Científicos desean empezar a pronosticar cuándo migrarán hacia su zona determinadas especies

Los mapas meteorológicos son fundamentales para los investigadores que siguen a las aves en movimiento. Acoplar los datos de radar con los de eBird llevará el rastreo de migraciones al siguiente nivel.

En las otoñales noches de América del Norte, millones de aves migratorias toman los cielos sin ser vistas. Como el agua de sus cuerpos refleja los rayos de los radares, sus movimientos aparecen en los mapas climatológicos de todo el país. Por lo general, los meteorólogos borran estas impresiones biológicas de los pronósticos, pero los ornitólogos hacen justamente lo contrario: enmascaran las tormentas para revelar la actividad aviar.

Una vez que se eliminaron los patrones del clima, todo lo que queda son signos de aves, murciélagos o insectos. Los expertos dependen mucho de las pruebas circunstanciales para diferenciar los tres grupos. Los murciélagos están más activos justo antes de la puesta del sol en los meses de verano, mientras que las aves aparecen justo después del ocaso en otoño y primavera. Y como son mucho más pequeños, los insectos solo son detectables cuando las aves y los murciélagos están ausentes.
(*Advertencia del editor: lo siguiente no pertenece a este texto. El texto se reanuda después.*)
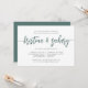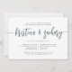 Nuestro elegante y moderno ensayo de bodas o invitaciones a fiestas de cócteles en verde musgo y blanco presentan sus nombres en tipografía manuscrita. Personalice con sus detalles de ensayo de ceremonia y de cena de ensayo debajo. Incluye espacio para el momento del ensayo y dirección de la iglesia o el lugar. Las tarjetas cambian a azul marino sólido. Un diseño de moda en tonos verde oscuro y blanco oscuro para las parejas modernas y los eventos elegantes.

Entonces, por proceso de eliminación, los ornitólogos saben cómo reunir datos nocturnos del radar durante las temporadas de migración —han usado el sistema Doppler de este modo desde 1941, aproximadamente cuando se inventó la tecnología de radar. 

Señalar vuelos largos, sin embargo, es la tarea fácil; es mucho más difícil identificar que especie aviar en realidad está migrando. Pero ahora, los científicos creen que quizás por fin tienen un modo de convertir las firmas en el radar de las aves en herramientas de seguimiento casi en tiempo real. Kyle Horton, ornitólogo de Cornell University, está combinando los datos de radar con registros de eBird para dilucidar estas misteriosas nubes migratorias. Cuando los avistadores registran avistajes, le dan a Horton indicios de qué especie puede estar pasando por un área, lo que le permite elaborar bocetos aproximados que se observan en mapas climatológicos.

Aunque las dos tecnologías se crearon para distintos propósitos (eBird para saber cuándo es conveniente avistar aves, el sistema Doppler para la conveniencia humana en general), son un buen matrimonio, dice Andrew Laughlin, ornitólogo de la Universidad de Carolina del Norte, en Asheville, quien usa un radar para estudiar cuándo se posan las golondrinas bicolor. Él ve un futuro prometedor para la combinación de los datos climatológicos y las observaciones que aporta la comunidad por medios cibernéticos.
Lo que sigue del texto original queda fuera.